= YOUR GOAL =
What you return must match the data below exactly, minus any pictures.

= DATA EXTRACT =
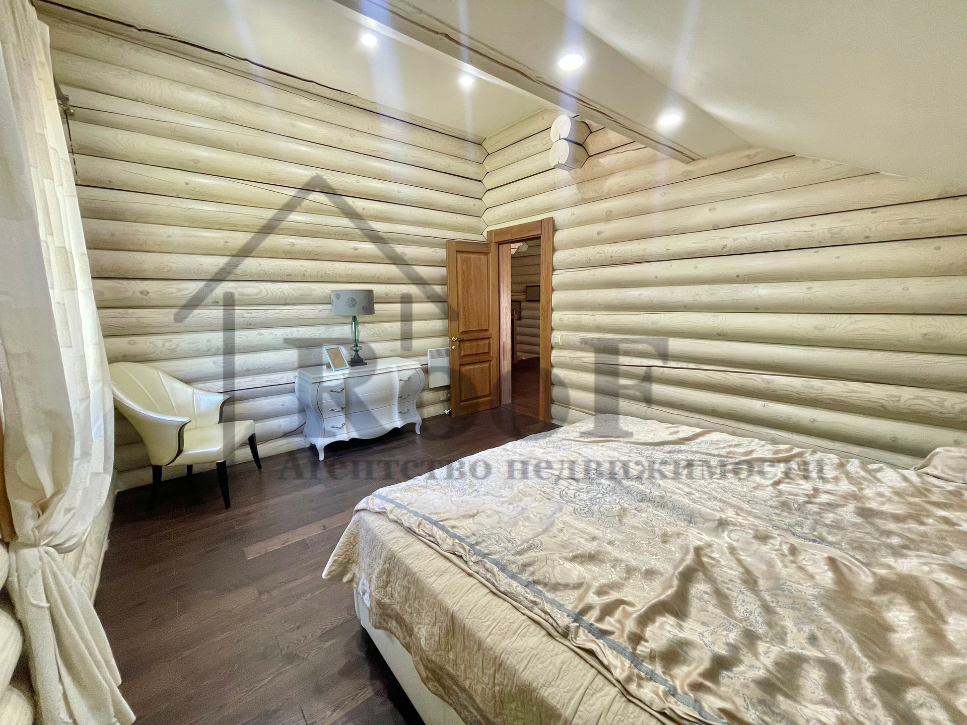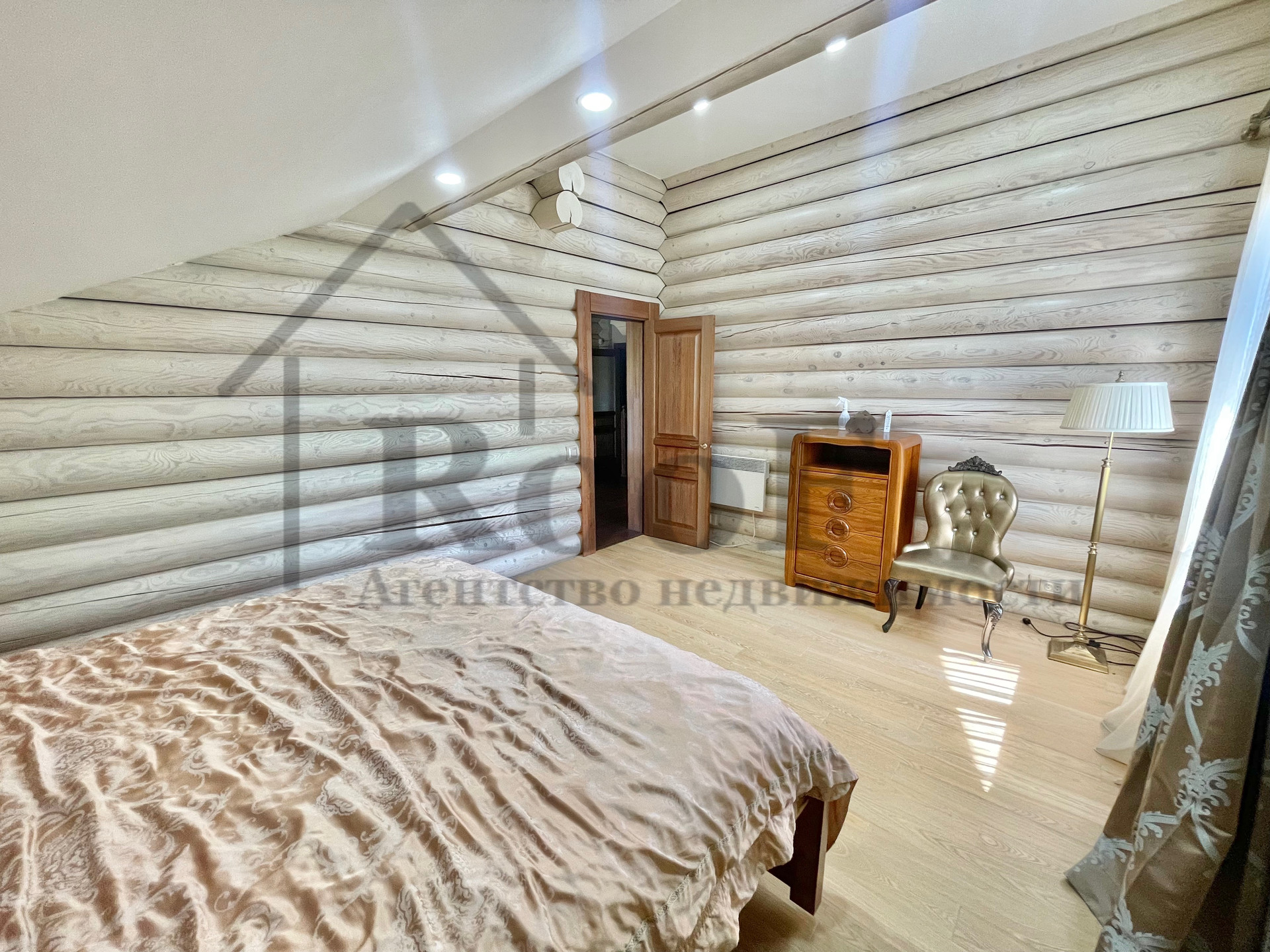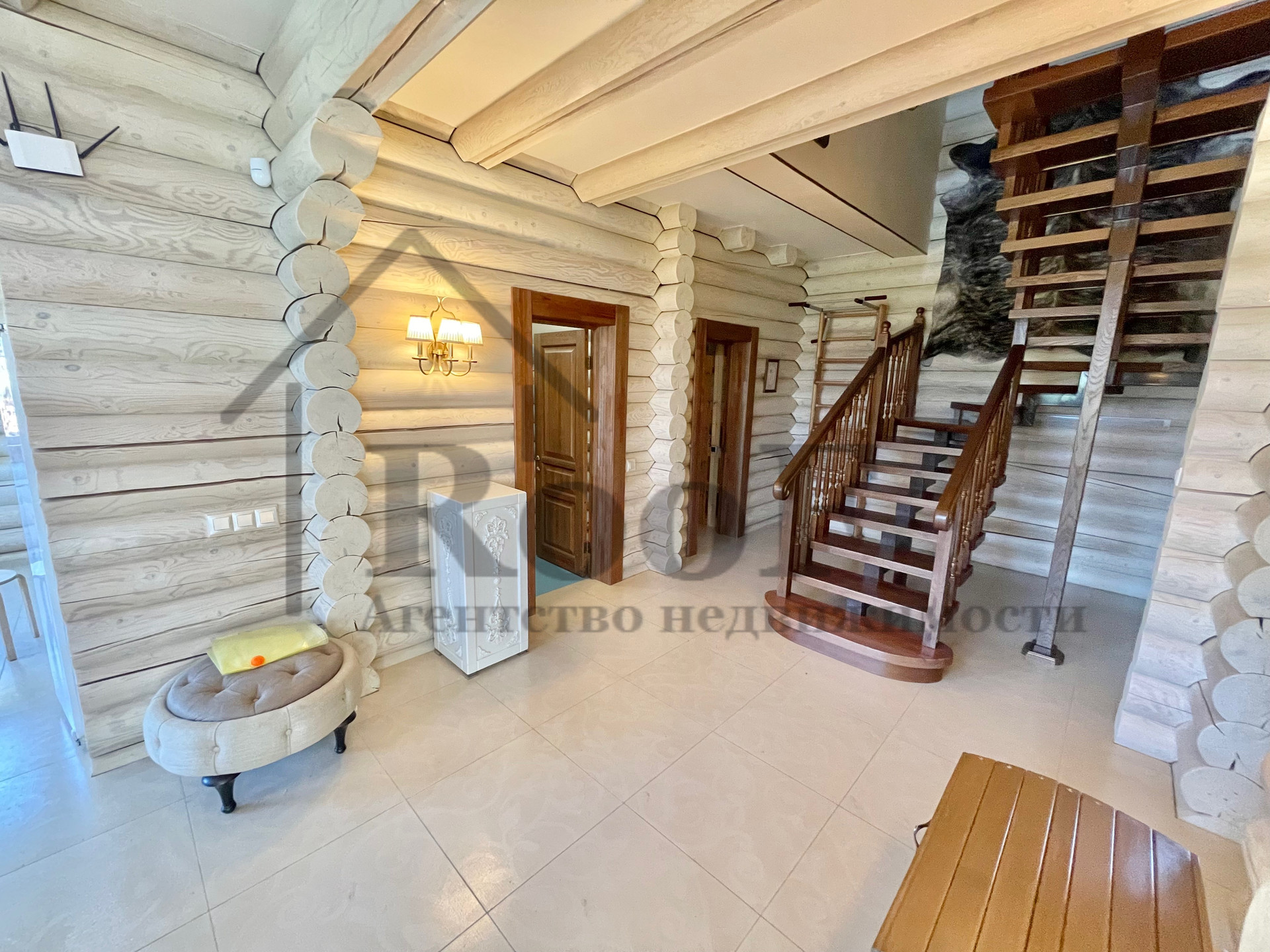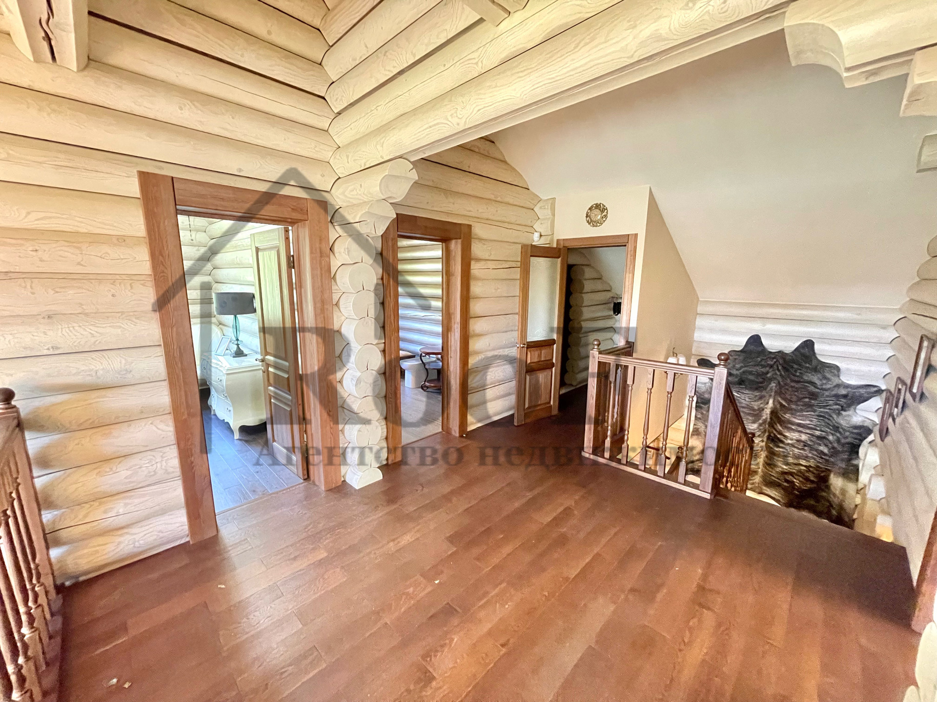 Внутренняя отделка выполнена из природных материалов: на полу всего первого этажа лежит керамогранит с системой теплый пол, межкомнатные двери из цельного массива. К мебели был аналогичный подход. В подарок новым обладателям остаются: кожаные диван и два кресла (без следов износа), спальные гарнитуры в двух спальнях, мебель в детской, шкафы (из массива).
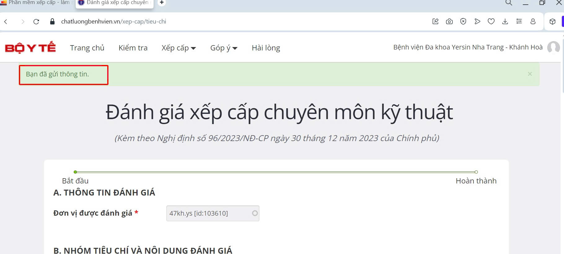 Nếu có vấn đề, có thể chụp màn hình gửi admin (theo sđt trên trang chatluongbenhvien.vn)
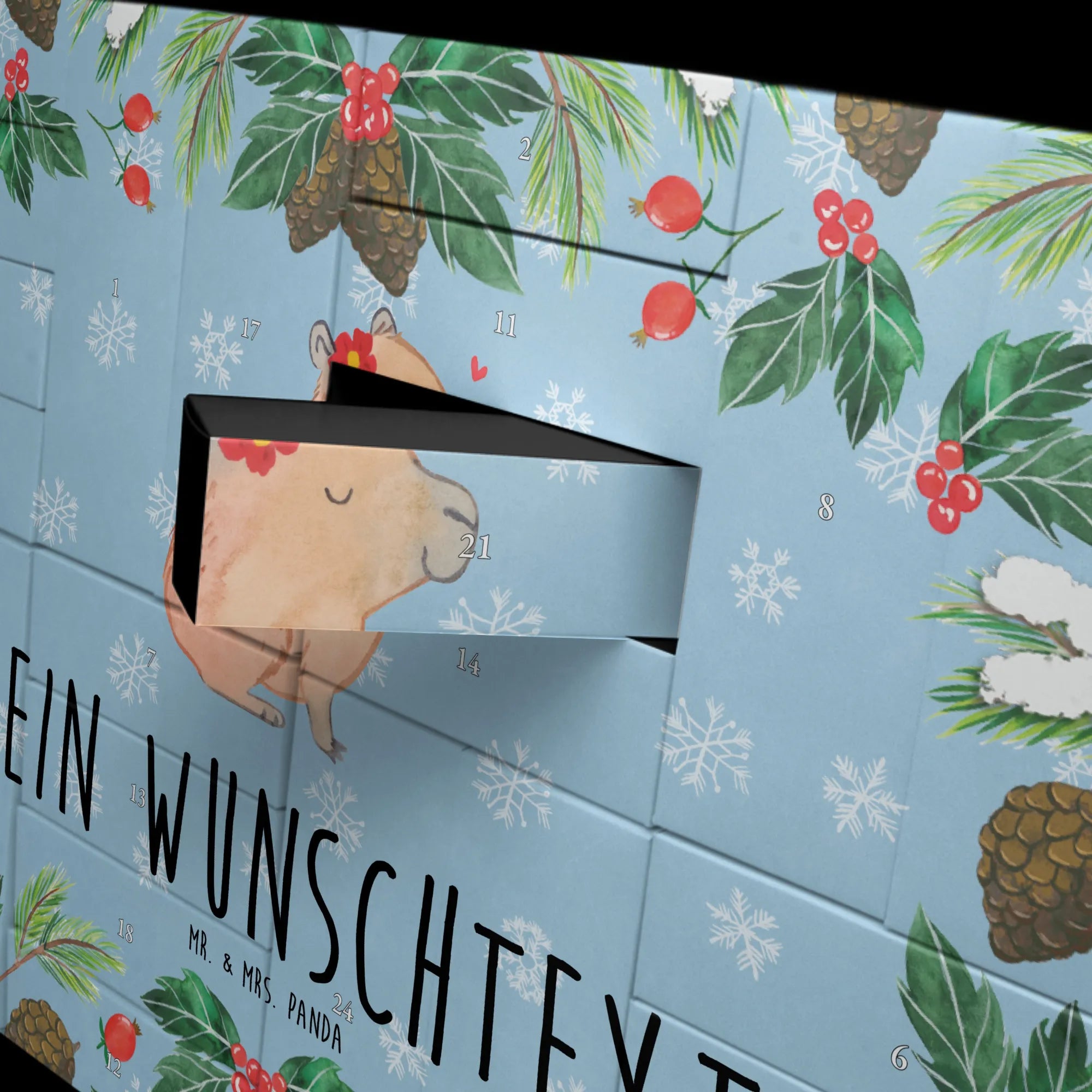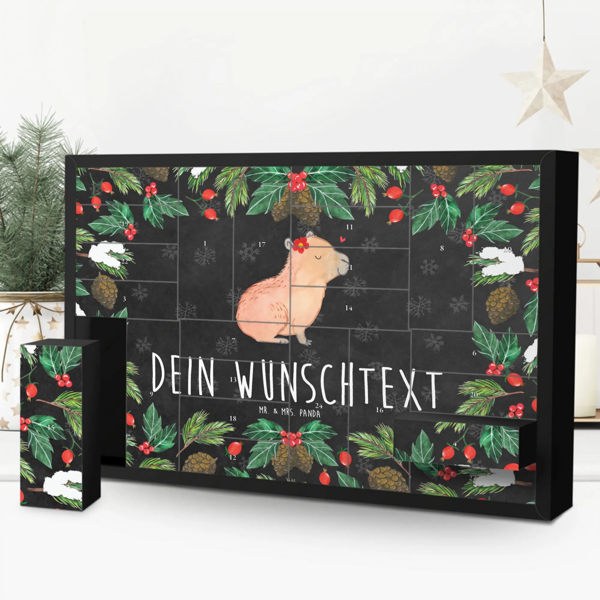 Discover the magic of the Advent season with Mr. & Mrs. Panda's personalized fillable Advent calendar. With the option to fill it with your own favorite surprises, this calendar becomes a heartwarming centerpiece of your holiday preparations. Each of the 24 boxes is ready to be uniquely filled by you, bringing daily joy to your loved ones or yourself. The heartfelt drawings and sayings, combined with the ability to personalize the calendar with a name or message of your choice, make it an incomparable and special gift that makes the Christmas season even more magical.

= EXERCISE ANSWER =
 Внутренняя отделка выполнена из природных материалов: на полу всего первого этажа лежит керамогранит с системой теплый пол, межкомнатные двери из цельного массива. К мебели был аналогичный подход. В подарок новым обладателям остаются: кожаные диван и два кресла (без следов износа), спальные гарнитуры в двух спальнях, мебель в детской, шкафы (из массива).
 Nếu có vấn đề, có thể chụp màn hình gửi admin (theo sđt trên trang chatluongbenhvien.vn)
 Discover the magic of the Advent season with Mr. & Mrs. Panda's personalized fillable Advent calendar. With the option to fill it with your own favorite surprises, this calendar becomes a heartwarming centerpiece of your holiday preparations. Each of the 24 boxes is ready to be uniquely filled by you, bringing daily joy to your loved ones or yourself. The heartfelt drawings and sayings, combined with the ability to personalize the calendar with a name or message of your choice, make it an incomparable and special gift that makes the Christmas season even more magical.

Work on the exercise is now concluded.